Storm supports several queries that go significantly beyond the classical queries. While we used the Stormvogel model checking wrapper around Storm, for such properties we must often operate directly on the (somewhat more intricate) stormpy API.

We use the following helper function model_check() for simplicity. The helper function parses a property, performs the model checking on the given model for the given property and then returns the result at the initial state.

[7]:
# Helper function
def model_check(model, prop):
    formula = stormpy.parse_properties(prop)[0]
    result = stormpy.model_checking(model, formula, only_initial_states=True)
    return result.at(model.initial_states[0])

Reward-bounded reachability probabilities

Reward-bounded reachability probabilities of the form Pmax=? [F{rew}<=k "Label"] ask for the probability to reach a "Label"-state while having accumulated at most \(k\) reward.

In the Orchard game, we can compute the winning probability for varying number of rounds.

[8]:
# Winning probability within k rounds
probabilities = []
for k in range(41):
    win_steps = 'Pmax=? [F{"rounds"}<=' + str(k) + ' "PlayersWon"]'
    probabilities.append(model_check(orchard_prism, win_steps))
    print("Round {}: {}".format(k, probabilities[-1]))
Round 0: 0.0
Round 1: 0.0
Round 2: 0.0
Round 3: 0.0
Round 4: 0.0
Round 5: 0.0
Round 6: 0.0
Round 7: 0.0
Round 8: 0.0
Round 9: 0.0
Round 10: 0.0
Round 11: 0.0
Round 12: 0.0
Round 13: 0.0
Round 14: 0.0
Round 15: 0.0
Round 16: 0.004162126278372636
Round 17: 0.021351772506558953
Round 18: 0.060203495833722385
Round 19: 0.12409888742931646
Round 20: 0.20988036964075973
Round 21: 0.30158084132994223
Round 22: 0.3859421091236708
Round 23: 0.4560420208004474
Round 24: 0.5102170036741989
Round 25: 0.5498940328681379
Round 26: 0.5777848204667783
Round 27: 0.5967720330221457
Round 28: 0.6093722181054767
Round 29: 0.6175629247761446
Round 30: 0.6227977136574545
Round 31: 0.6260964497778784
Round 32: 0.6281506036561613
Round 33: 0.6294168505012261
Round 34: 0.6301906201480247
Round 35: 0.6306598665532833
Round 36: 0.6309425371167758
Round 37: 0.6311118037113413
Round 38: 0.6312126210507402
Round 39: 0.6312723779854957
Round 40: 0.6313076401736203

Afterwards, we can plot the results.

[9]:
# Plot
import matplotlib.pyplot as plt

plt.rcParams["figure.figsize"] = (15, 5)
plt.xlabel("Number of rounds")
plt.ylabel("Probability of players winning")
plt.title("Orchard")

# Plot results for all steps
plt.plot(range(len(probabilities)), probabilities, linewidth=2)
[9]:
[<matplotlib.lines.Line2D at 0x7fb3d55b6780>]
../_images/2-Orchard-Tutorial_2-model-checking_23_1.png

We see that the players need at least 16 rounds to win the game. For increasing number of rounds, the winning probability also increases, until it converges towards the overall winning probability of \(0.6313\).

Conditional reachability probabilities

Conditional reachability probabilities of the form Pmax=?( F "Label1" || F "Label2") express the probability of reaching a "Label1"-state, conditioned under the event that a "Label2"-state is reached.

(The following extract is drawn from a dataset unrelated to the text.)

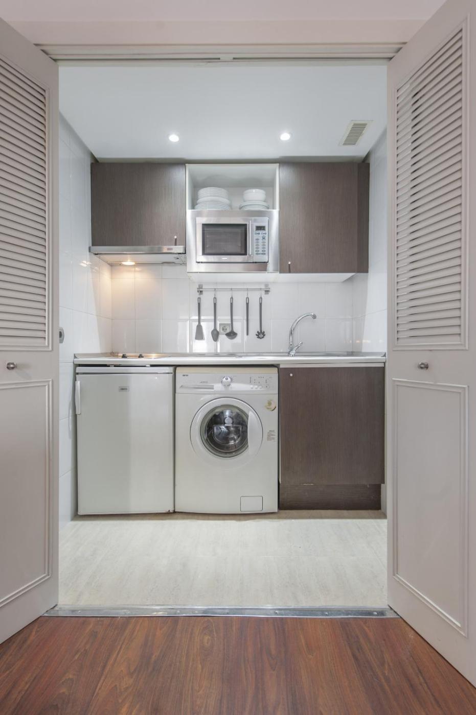 Este apartamento tiene 1 dormitorio, cocina con nevera y microondas, TV de pantalla plana, zona de estar y 1 baño con ducha.

We compute the maximal winning probability (F "PlayersWon") under the condition that the raven is eventually only one step away from the orchard (F "RavenOneAway").

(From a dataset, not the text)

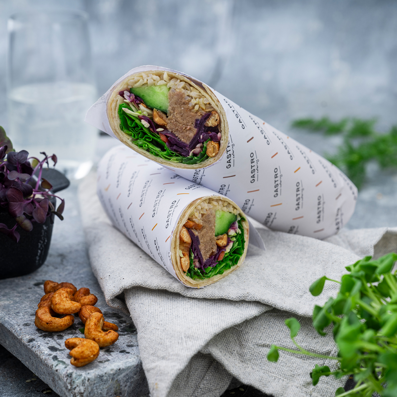 Wrap med Pulled Pork, Char Siu glaze, syltet kål, agurk, og brunt ris

Note that we use the Prism model orchard_prism here which contains additional labels such as "RavenOneAway".

[10]:
print(model_check(orchard_prism, 'Pmax=? [F "PlayersWon" || F "RavenOneAway"]'))
0.3197951767821407

Checking the property yields a conditioned winning probability of \(0.3198\) which is significantly lower than the overall winning probability of \(0.6313\).

Multi-objective queries

Multi-objective queries of the form multi (formula1, ..., formulaM) allow to compute possible trade-offs between various (single-objective) properties formula1, …, formulaM.

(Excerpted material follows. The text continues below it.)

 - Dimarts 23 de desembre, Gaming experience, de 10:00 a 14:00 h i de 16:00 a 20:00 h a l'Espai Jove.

For the Orchard game, the multi-objective query asks for the maximal expected number of rounds of the game (R{"rounds"}max=? [F ("PlayersWon" | "RavenWon")]) among all policies that induce a winning probability of at least 60% (P>=0.60 [F "PlayersWon"])).

[11]:
query = (
    'multi(R{"rounds"}max=? [F ("PlayersWon" | "RavenWon")], P>=0.60 [F "PlayersWon"])'
)
print(model_check(orchard_prism, query))
21.79470309502809

We see that using a nearly optimal winning strategy (close to optimum of \(63.13\%\)) also reduces the expected number of rounds played, which is \(22.3391\) when considering all policies.